I, too, have daughters that have been affected by these diseases. In fact, one of my twins has a heart condition because of a particular antibody I passed to her in the womb. It's odd maybe, but I have never even contemplated the question of whether or not I would have still had children had I known then what I know now. For those who have yet to have children - I cannot imagine the difficulties this presents. But like Christine suggested, I have much more to cherish than to fear!!!
Christine....I so cherish my children. I have always believed in celebrating life every single day and I will continue to do just that. But I still hate to see anyone having to deal with these autoimmune illnesses. I just wish a cure could be found. In the meantime I will go on cheerishing the time we have together.
Theresa...Wow! I hope all is well with your twin. And yes we need to celebrate that they are alive and enjoy each and every moment together. I have learned that life is precious and we need to use every moment the best we can. And at the very least, they have a Mom that can help them in their journey should they need the help.
Deb: My heart aches for you. Take heart in the joy you've shared over the years and the joy you'll continue to share. My thoughts go out to you and your children.
Off topic, but I think you'll enjoy... I've given you the Leibster Award! http://makethislookawesome.blogspot.com/2012/03/liebster-blog-award.html
Deb, I am sorry your children have been showing signs of pain. It is really difficult to see people you love in pain. They know you love them and that is the most important thing.
Carla...bless your heart for such kindness. And I do...always will enjoy them.
Make This Look Awesome...an award :-) I haven't gotten an award now for several years. How sweet of you. As I mentioned my computer konked out but I will do my best to beg,borrow and borrow...lol others to try and get a post up in recognition of others I love to read. I would give it right back to you but don't think I can. I have enjoyed your blog alot!

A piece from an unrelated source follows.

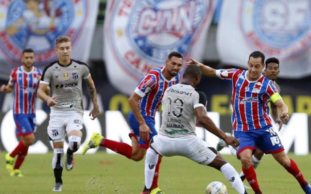 A primeira etapa foi quente e disputada. O Bahia iniciou mostrando vontade e marcando presença no campo de ataque, tomando a iniciativa do jogo. Com Rodriguinho e Nino Paraíba, o Esquadrão encontrava espaços e vinha chegando com perigo, até que Luiz Otávio foi expulso e o ímpeto tricolor teve que ser freado. Mas mesmo com um jogador a menos, o Bahia conseguiu se defender bem e aos 46 minutos o Ceará também teve um jogador expulso.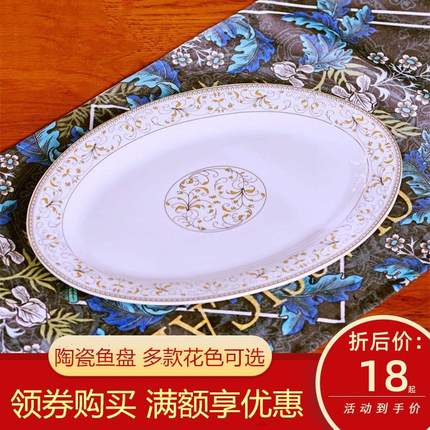 景德镇家用陶瓷日式深盘鱼型餐具套装菜碟创意新款椭圆大号鱼盘子

Adrienne...just breaks my heart and also gets my blood pressure arising. I have high expectations for our medical community but so far, they have let me down. My daughter hates going to doctors because as she says...all they do is write a prescription that most likely will give her the side effects of the dang disease she already has. She is trying to approach her issues naturally.
I had the same fear when I was first diagnosed. I DO NOT want my daughter to have to live with this disease. We have a lot of similarities. No one on either side of my family has had RA (although some have had other auto immune diseases) and I was officially diagnosed at 44. So sorry to read that your children are experiencing symptoms. Does it suck ... yes, is it fair ... no, but it is not your fault.
Tharr...No autoimmune in mine either. Weird! Wow, we do have alot in common....I was diagnosed at around 42/43. And thanks for reminding me that it isn't my fault. But...I still get angry and upset. I am sure I will cycle through the emotions and just have to learn to live with them...kinda reminds me of living with ra too.